The sum of the data listed above makes it possible to differentiate the silica deposits associated with steam-heated blanket from previous relicts of siliceous sinter deposits. For the investigated deposits in the alteration zone of the CIVC, it is proposed that both the steam-heated blanket and the siliceous sinter deposits would be associated at depth with an active alkaline-chlorine geothermal environment. This is consistent with the high soil temperatures and the CO2 diffuse degassing recorded by Taussi et al. [28]. In addition, neutral-pH water conditions were found in drilling cores for the clay cap of the Cerro Pabellón geothermal system [11] as well as for the propylitic zone, where pyrite and chalcopyrite with high metals concentrations were determined and associated with IS epithermal deposits [72,73].

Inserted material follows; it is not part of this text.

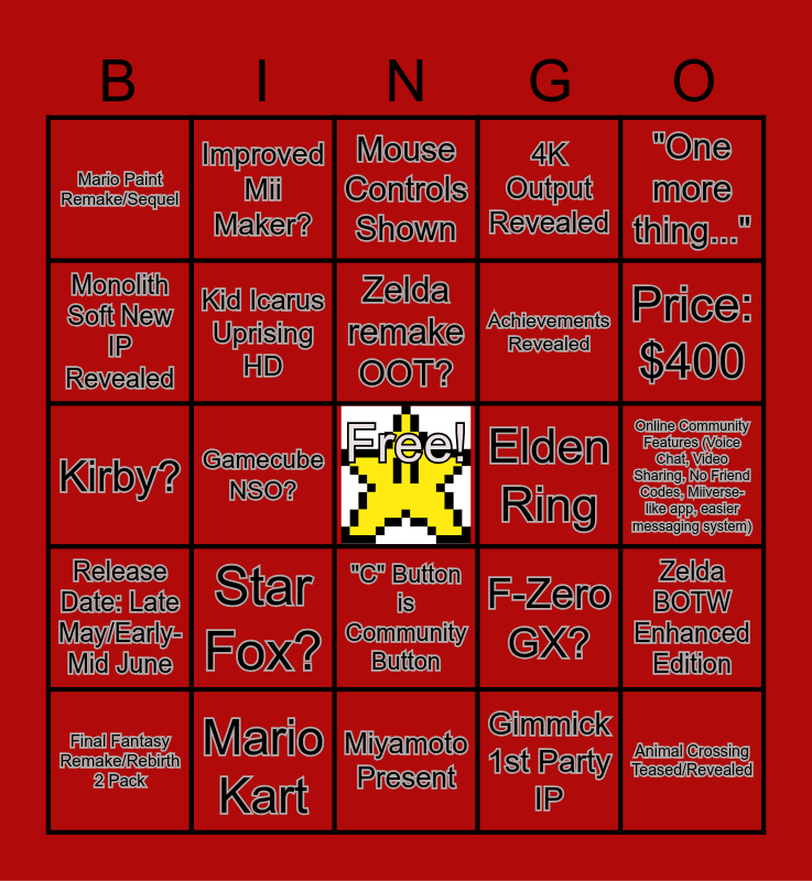 This bingo card has a free space and 29 words: 3D Mario Revealed, Mario Kart, Mouse Controls Shown, UI Shown, "One more thing...", Mario Paint Remake/Sequel, Kid Icarus Uprising HD, Zelda remake OOT?, Elden Ring, Zelda BOTW Enhanced Edition, Final Fantasy Remake/Rebirth 2 Pack, Gamecube NSO?, Gimmick 1st Party IP, Animal Crossing Teased/Revealed, Kirby?, Mario Kart: *Sub Title* no numeral title, Miyamoto Present, F-Zero GX?, Price: $400, Release Date: Late May/Early-Mid June, Star Fox?, 3D Mario Open World (like Bowser's Fury), Achievements Revealed, Online Community Features (Voice Chat, Video Sharing, No Friend Codes, Miiverse-like app, easier messaging system), Monolith Soft New IP Revealed, Improved Mii Maker?, "C" Button is Community Button, 4K Output Revealed and Old Joycons will work on Switch 2.

5.3. Hydrothermal, Structural and Paleoclimatic Interactions in the Geothermal Systems of Northern Chile

Concerning the alteration zone of the CIVC, the interaction of the hydrothermal system, the structural setting and the paleo-climatic fluctuations all contributed, most likely, to the formation and evolution of the geothermal system. The role of these factors seems to be of major relevance in prospecting possible geothermal systems in other areas of northern Chile. As presented in this paper, the silica deposits of the CIVC are linked to a complex magmatic and hydrothermal history coupled with structural, paleoclimatic factors and sedimentary and mineralogical transformation processes, the results of which are recorded in the physical, chemical and biological changes of the alteration/precipitation of the investigated deposits.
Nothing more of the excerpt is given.